Чистых кособочил к плечу голову, хлопал ресницами. Иван Иванович застрял в дверях.
– Тебе бы, охальнице, скрозь землю провалиться от срама. А нет – здрасте с улыбочкой… Зен-ки твои бесстыжие!..
У порога стояла секретарша Евлампия Лыкова Алька Студенкина – короткая шубейка распахнута, из шубейки рвутся наружу обтянутые кофтой груди, на мучнисто-бледном лице багровеют густо подведенные губы да стынут кошачьи, с прозеленью, глаза. К ней бесновато тянулась своим костлявым телом Ольга:
– Чего сиськи коровьи выпятила?! Чего ждешь? Чтоб в рожу плюнула?..

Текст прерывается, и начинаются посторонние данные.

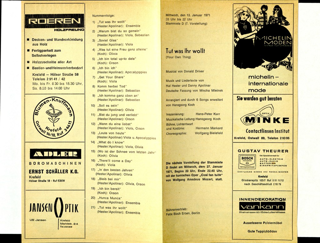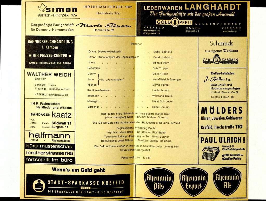 Meine Frage war, ob Informationen zu diesem Musical (in irgendeiner Form) im Krefelder Stadtarchiv vorhanden sind. Unten sehen Sie die Antwort. Veröffentlicht mit Genehmigung von Stadtarchiv Krefeld. Besonderer Dank geht an Frau M. Plattenteich.
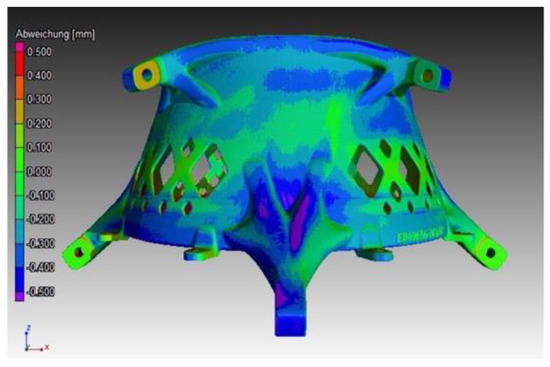 Overlay of nominal CAD geometry with fabricated part geometry obtained from CT scan data.

Чистых проскользнул мимо бухгалтера и мелко-мелко заплясал казачка:
– Ольга… Ольга Максимовна…
– Нету у тебя заступничка! Был да паром исходит! Нажалуйся-ко! На-ко, нажалуйся теперь! Полизала кошка чужую сметану – хватит!
– Ольга Максимовна! Боже ж мой! Приди в себя, Ольга Максимовна! Срам-то какой! Бож-же ж мой, срам. У смертного одра, так сказать… Алька! Чего торчишь столбом? Марш отсюда!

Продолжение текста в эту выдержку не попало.